| About this exercise |
Return nothing but the lines from the one with "കൈകള് ബന്ധിച്ചു വേമ്പനാട്ട്" through the one with "LBSFY -Women's Sexy" in the data below, word for word and without pictures.

| Data for review |
# # # # #

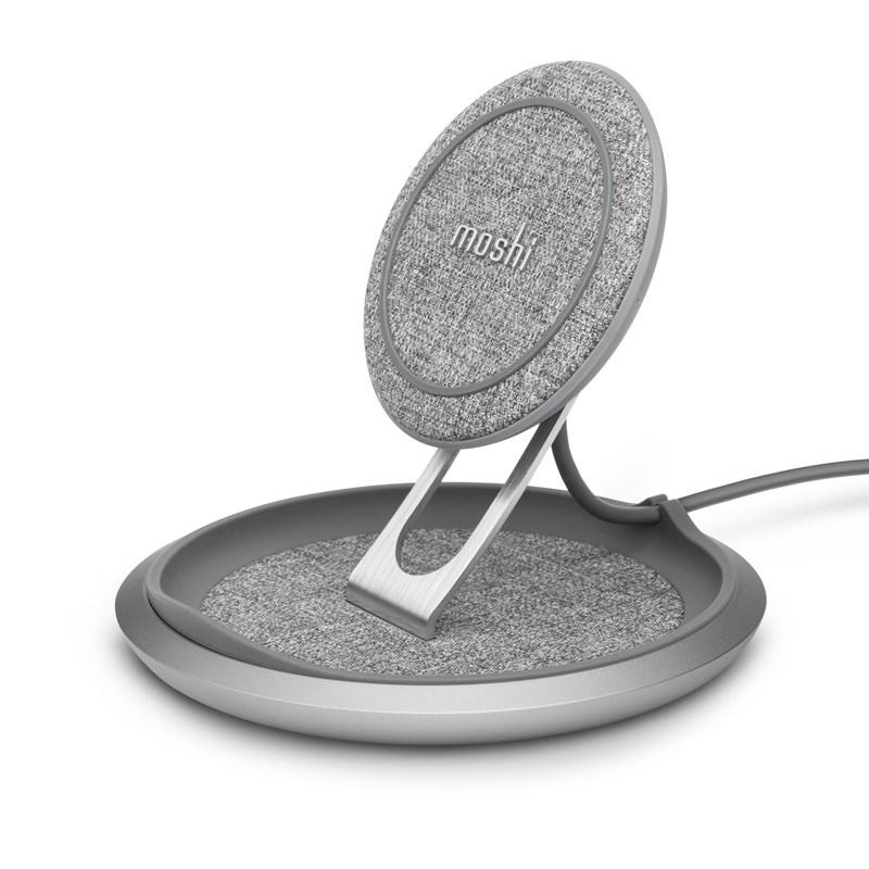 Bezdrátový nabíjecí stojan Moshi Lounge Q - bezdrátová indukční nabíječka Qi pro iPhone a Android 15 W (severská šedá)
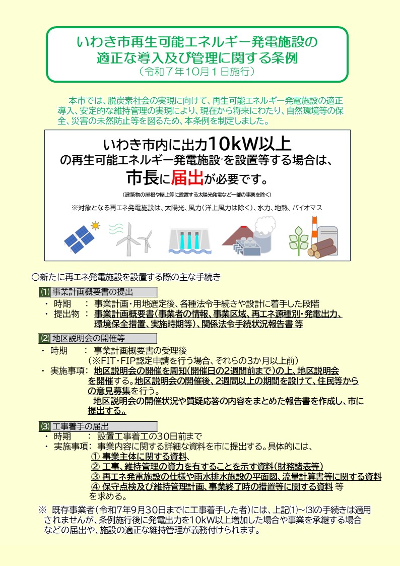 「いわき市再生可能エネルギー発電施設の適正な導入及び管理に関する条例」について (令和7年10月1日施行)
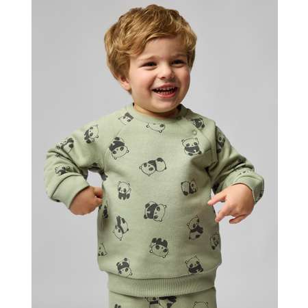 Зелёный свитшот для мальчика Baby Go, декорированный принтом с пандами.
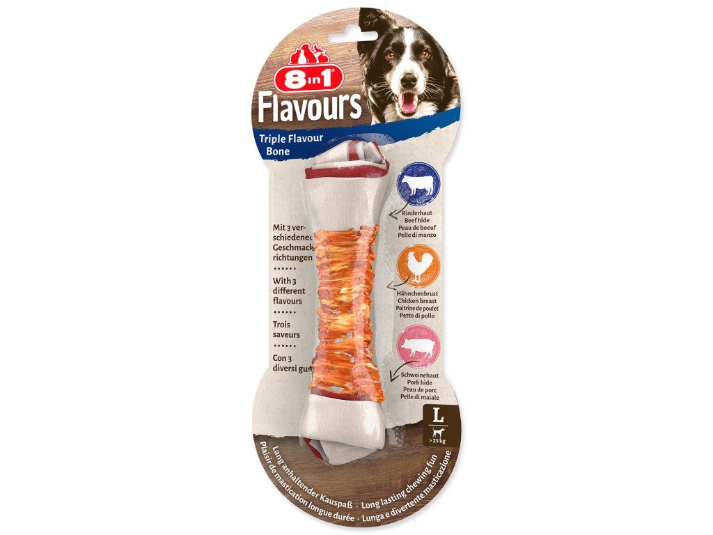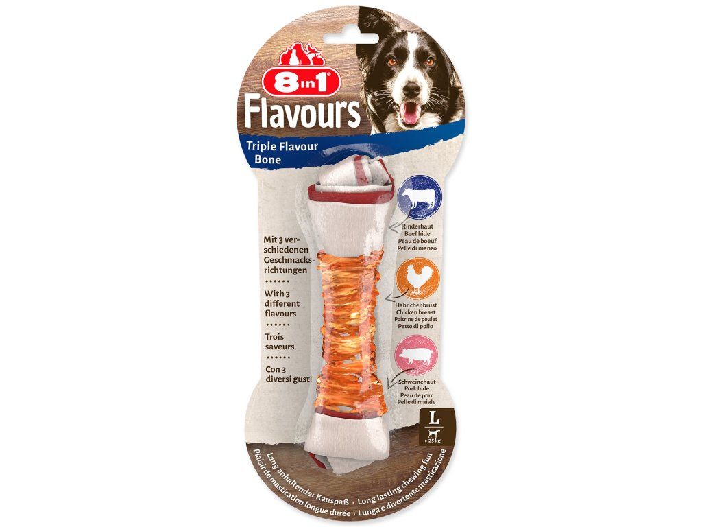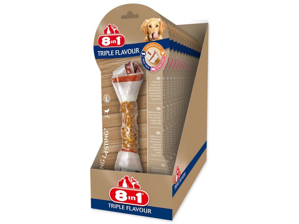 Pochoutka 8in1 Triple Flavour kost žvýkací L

# # # # #

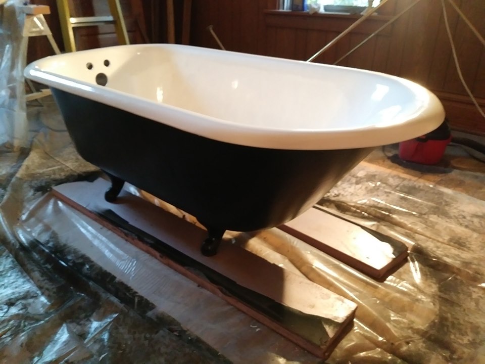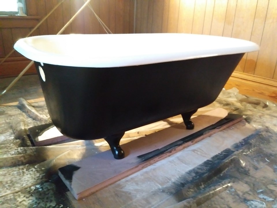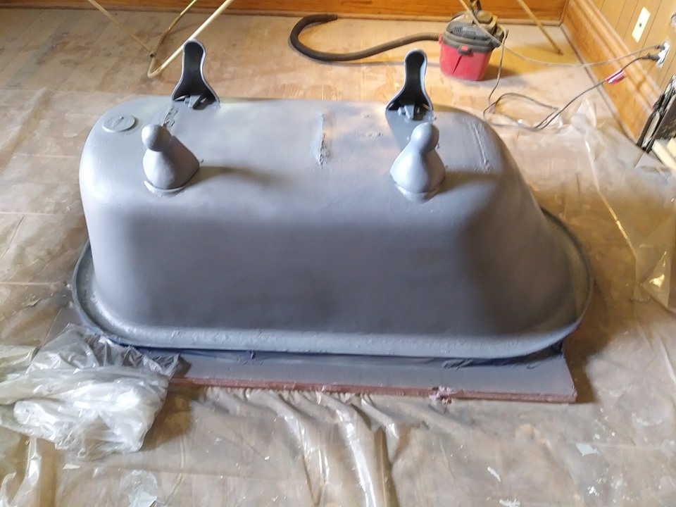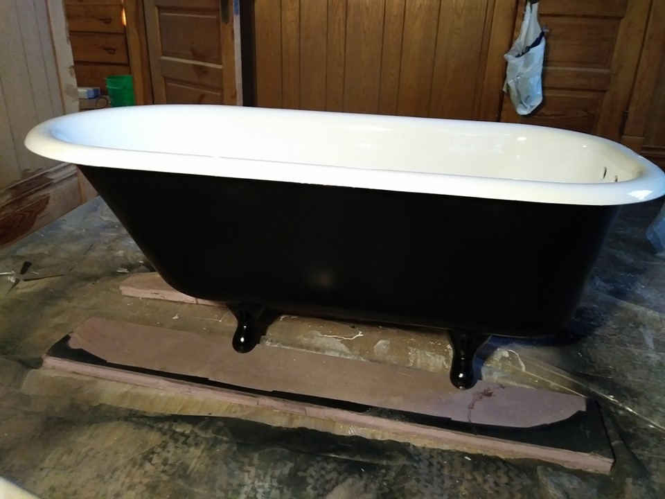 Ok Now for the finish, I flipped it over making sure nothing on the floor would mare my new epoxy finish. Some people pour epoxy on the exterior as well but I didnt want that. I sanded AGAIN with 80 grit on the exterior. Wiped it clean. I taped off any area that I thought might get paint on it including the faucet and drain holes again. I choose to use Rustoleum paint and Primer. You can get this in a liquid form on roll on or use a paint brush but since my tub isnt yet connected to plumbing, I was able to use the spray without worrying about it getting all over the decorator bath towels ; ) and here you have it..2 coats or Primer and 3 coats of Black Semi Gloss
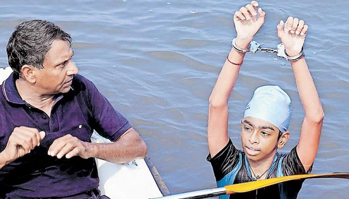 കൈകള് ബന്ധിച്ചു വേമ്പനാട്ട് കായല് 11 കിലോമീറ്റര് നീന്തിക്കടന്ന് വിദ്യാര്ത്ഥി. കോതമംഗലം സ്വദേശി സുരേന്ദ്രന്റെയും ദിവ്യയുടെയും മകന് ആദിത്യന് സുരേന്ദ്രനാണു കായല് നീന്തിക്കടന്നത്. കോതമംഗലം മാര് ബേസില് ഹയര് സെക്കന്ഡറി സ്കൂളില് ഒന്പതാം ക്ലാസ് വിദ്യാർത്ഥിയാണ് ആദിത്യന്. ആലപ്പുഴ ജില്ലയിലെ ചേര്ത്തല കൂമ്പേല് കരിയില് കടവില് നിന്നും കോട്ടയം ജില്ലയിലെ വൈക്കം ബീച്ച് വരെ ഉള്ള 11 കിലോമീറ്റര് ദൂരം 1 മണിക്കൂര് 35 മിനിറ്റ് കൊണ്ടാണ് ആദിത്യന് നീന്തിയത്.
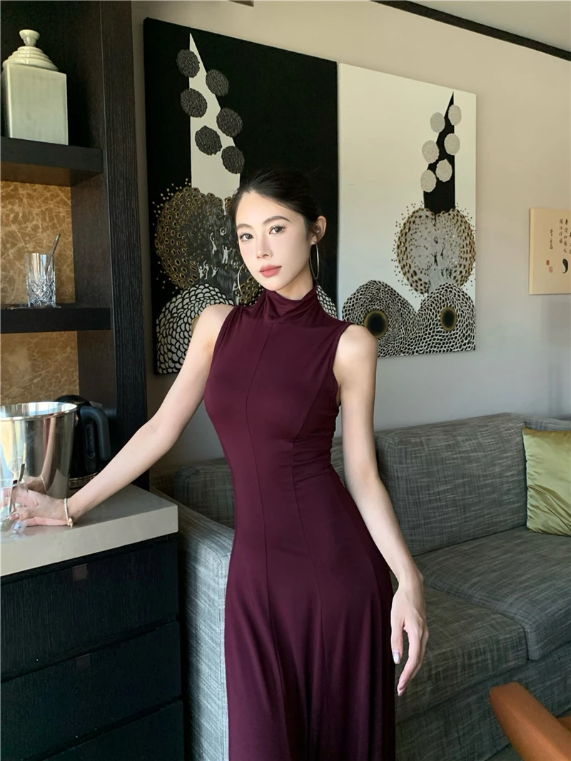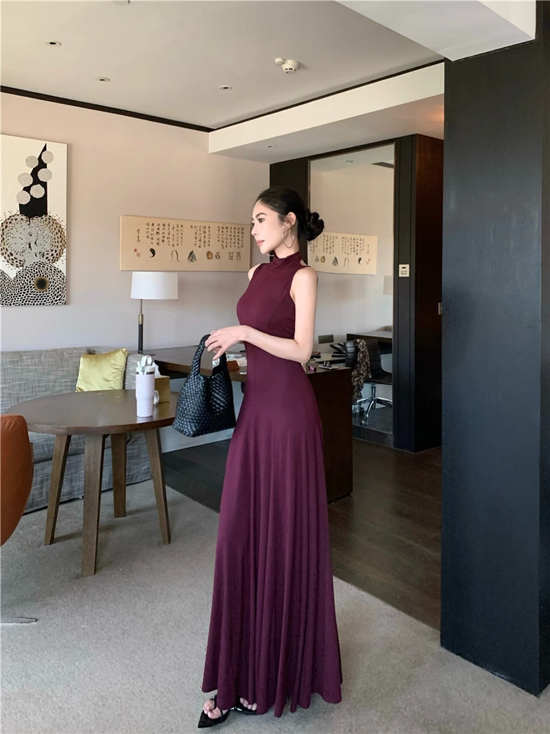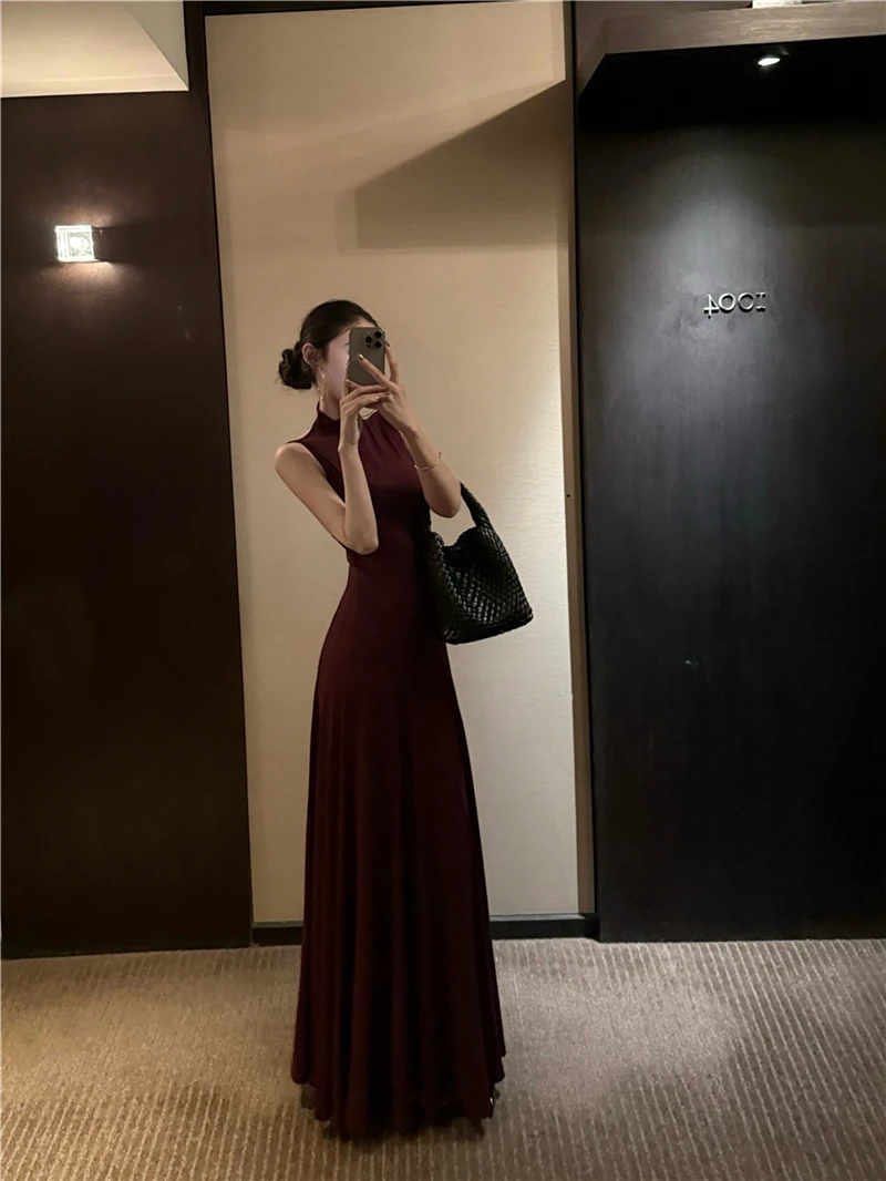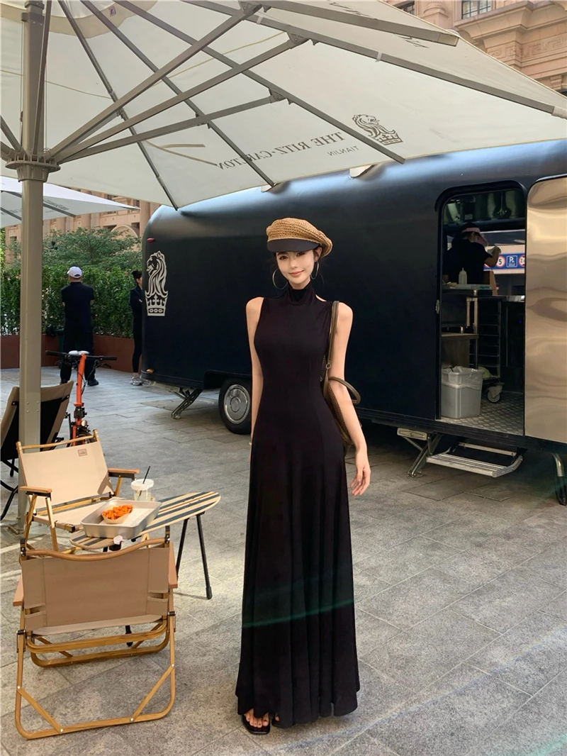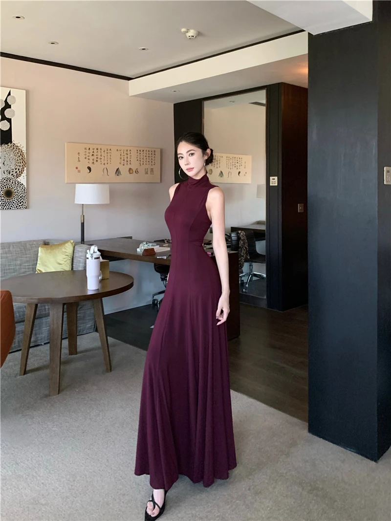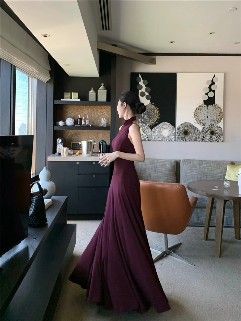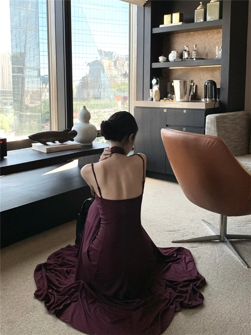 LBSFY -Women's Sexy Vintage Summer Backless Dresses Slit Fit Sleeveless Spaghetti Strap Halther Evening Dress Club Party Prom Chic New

# # # # #

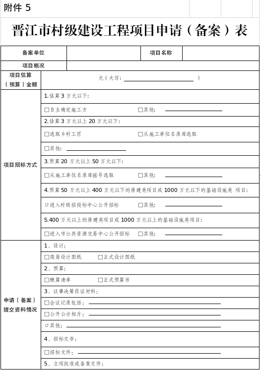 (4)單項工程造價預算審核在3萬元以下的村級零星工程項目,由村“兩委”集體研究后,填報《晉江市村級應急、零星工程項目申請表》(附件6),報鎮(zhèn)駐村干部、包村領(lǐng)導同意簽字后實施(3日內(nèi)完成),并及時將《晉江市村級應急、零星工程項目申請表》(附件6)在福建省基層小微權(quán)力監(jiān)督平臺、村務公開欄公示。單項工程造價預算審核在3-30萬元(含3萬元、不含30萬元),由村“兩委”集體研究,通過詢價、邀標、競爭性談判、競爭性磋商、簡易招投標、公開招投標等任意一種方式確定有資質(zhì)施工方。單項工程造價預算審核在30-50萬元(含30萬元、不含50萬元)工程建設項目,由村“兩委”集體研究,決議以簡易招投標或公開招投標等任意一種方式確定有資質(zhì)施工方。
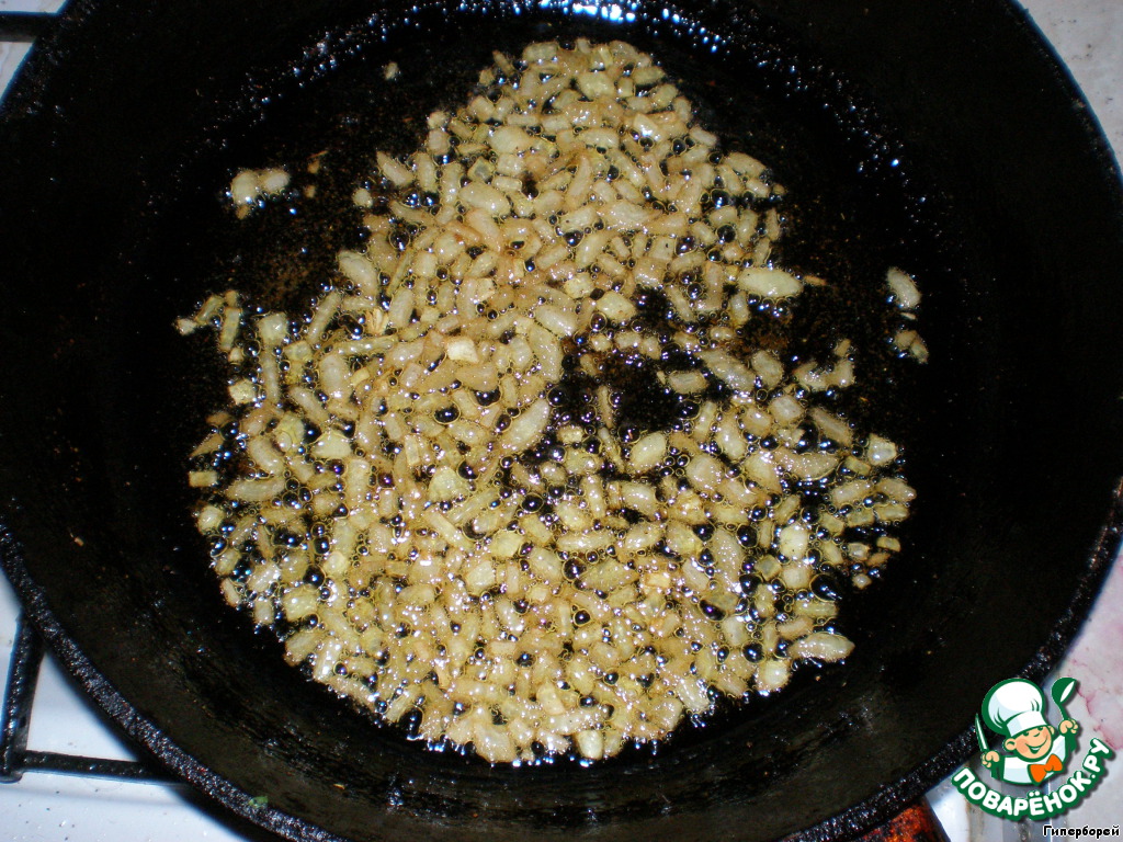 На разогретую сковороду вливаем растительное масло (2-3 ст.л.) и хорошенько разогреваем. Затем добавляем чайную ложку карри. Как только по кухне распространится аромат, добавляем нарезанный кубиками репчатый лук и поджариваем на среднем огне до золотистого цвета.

# # # # #

| Reply |
 കൈകള് ബന്ധിച്ചു വേമ്പനാട്ട് കായല് 11 കിലോമീറ്റര് നീന്തിക്കടന്ന് വിദ്യാര്ത്ഥി. കോതമംഗലം സ്വദേശി സുരേന്ദ്രന്റെയും ദിവ്യയുടെയും മകന് ആദിത്യന് സുരേന്ദ്രനാണു കായല് നീന്തിക്കടന്നത്. കോതമംഗലം മാര് ബേസില് ഹയര് സെക്കന്ഡറി സ്കൂളില് ഒന്പതാം ക്ലാസ് വിദ്യാർത്ഥിയാണ് ആദിത്യന്. ആലപ്പുഴ ജില്ലയിലെ ചേര്ത്തല കൂമ്പേല് കരിയില് കടവില് നിന്നും കോട്ടയം ജില്ലയിലെ വൈക്കം ബീച്ച് വരെ ഉള്ള 11 കിലോമീറ്റര് ദൂരം 1 മണിക്കൂര് 35 മിനിറ്റ് കൊണ്ടാണ് ആദിത്യന് നീന്തിയത്.
 LBSFY -Women's Sexy Vintage Summer Backless Dresses Slit Fit Sleeveless Spaghetti Strap Halther Evening Dress Club Party Prom Chic New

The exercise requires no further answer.